## Work to be completed
Everything in the data that follows has to be repeated verbatim.
---- Raw data
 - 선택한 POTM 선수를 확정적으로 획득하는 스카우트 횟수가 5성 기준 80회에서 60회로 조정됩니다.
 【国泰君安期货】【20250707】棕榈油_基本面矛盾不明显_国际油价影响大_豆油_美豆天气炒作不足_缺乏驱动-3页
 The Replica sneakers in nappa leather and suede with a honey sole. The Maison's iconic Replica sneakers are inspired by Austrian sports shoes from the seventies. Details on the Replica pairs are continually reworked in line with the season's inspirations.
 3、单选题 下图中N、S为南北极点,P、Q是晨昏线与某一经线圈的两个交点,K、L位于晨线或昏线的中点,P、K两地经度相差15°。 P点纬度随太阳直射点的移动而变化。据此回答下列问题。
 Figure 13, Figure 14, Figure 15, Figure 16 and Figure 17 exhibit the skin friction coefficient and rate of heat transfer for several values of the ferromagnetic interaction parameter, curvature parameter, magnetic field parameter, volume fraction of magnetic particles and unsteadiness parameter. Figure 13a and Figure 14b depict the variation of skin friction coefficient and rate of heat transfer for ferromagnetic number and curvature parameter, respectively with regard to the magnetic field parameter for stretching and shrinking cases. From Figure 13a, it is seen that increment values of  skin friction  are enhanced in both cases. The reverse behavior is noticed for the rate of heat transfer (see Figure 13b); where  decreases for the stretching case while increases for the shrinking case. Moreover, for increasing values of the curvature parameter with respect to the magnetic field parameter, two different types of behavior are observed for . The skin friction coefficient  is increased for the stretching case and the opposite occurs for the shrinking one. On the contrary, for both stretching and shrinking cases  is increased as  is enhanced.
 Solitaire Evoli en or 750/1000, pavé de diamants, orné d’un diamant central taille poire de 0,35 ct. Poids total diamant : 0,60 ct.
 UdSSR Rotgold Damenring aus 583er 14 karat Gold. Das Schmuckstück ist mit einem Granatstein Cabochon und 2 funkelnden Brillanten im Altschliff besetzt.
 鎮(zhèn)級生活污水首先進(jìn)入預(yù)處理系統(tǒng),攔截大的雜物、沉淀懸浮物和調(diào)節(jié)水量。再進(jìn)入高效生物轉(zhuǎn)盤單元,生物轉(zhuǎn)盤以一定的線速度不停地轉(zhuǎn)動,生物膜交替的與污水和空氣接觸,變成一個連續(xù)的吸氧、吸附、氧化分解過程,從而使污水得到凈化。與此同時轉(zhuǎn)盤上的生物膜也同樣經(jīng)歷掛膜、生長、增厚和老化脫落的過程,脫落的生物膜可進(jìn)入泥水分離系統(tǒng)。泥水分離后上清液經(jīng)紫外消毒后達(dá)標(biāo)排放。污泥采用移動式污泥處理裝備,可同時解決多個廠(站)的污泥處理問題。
--------
## Solution
 - 선택한 POTM 선수를 확정적으로 획득하는 스카우트 횟수가 5성 기준 80회에서 60회로 조정됩니다.
 【国泰君安期货】【20250707】棕榈油_基本面矛盾不明显_国际油价影响大_豆油_美豆天气炒作不足_缺乏驱动-3页
 The Replica sneakers in nappa leather and suede with a honey sole. The Maison's iconic Replica sneakers are inspired by Austrian sports shoes from the seventies. Details on the Replica pairs are continually reworked in line with the season's inspirations.
 3、单选题 下图中N、S为南北极点,P、Q是晨昏线与某一经线圈的两个交点,K、L位于晨线或昏线的中点,P、K两地经度相差15°。 P点纬度随太阳直射点的移动而变化。据此回答下列问题。
 Figure 13, Figure 14, Figure 15, Figure 16 and Figure 17 exhibit the skin friction coefficient and rate of heat transfer for several values of the ferromagnetic interaction parameter, curvature parameter, magnetic field parameter, volume fraction of magnetic particles and unsteadiness parameter. Figure 13a and Figure 14b depict the variation of skin friction coefficient and rate of heat transfer for ferromagnetic number and curvature parameter, respectively with regard to the magnetic field parameter for stretching and shrinking cases. From Figure 13a, it is seen that increment values of  skin friction  are enhanced in both cases. The reverse behavior is noticed for the rate of heat transfer (see Figure 13b); where  decreases for the stretching case while increases for the shrinking case. Moreover, for increasing values of the curvature parameter with respect to the magnetic field parameter, two different types of behavior are observed for . The skin friction coefficient  is increased for the stretching case and the opposite occurs for the shrinking one. On the contrary, for both stretching and shrinking cases  is increased as  is enhanced.
 Solitaire Evoli en or 750/1000, pavé de diamants, orné d’un diamant central taille poire de 0,35 ct. Poids total diamant : 0,60 ct.
 UdSSR Rotgold Damenring aus 583er 14 karat Gold. Das Schmuckstück ist mit einem Granatstein Cabochon und 2 funkelnden Brillanten im Altschliff besetzt.
 鎮(zhèn)級生活污水首先進(jìn)入預(yù)處理系統(tǒng),攔截大的雜物、沉淀懸浮物和調(diào)節(jié)水量。再進(jìn)入高效生物轉(zhuǎn)盤單元,生物轉(zhuǎn)盤以一定的線速度不停地轉(zhuǎn)動,生物膜交替的與污水和空氣接觸,變成一個連續(xù)的吸氧、吸附、氧化分解過程,從而使污水得到凈化。與此同時轉(zhuǎn)盤上的生物膜也同樣經(jīng)歷掛膜、生長、增厚和老化脫落的過程,脫落的生物膜可進(jìn)入泥水分離系統(tǒng)。泥水分離后上清液經(jīng)紫外消毒后達(dá)標(biāo)排放。污泥采用移動式污泥處理裝備,可同時解決多個廠(站)的污泥處理問題。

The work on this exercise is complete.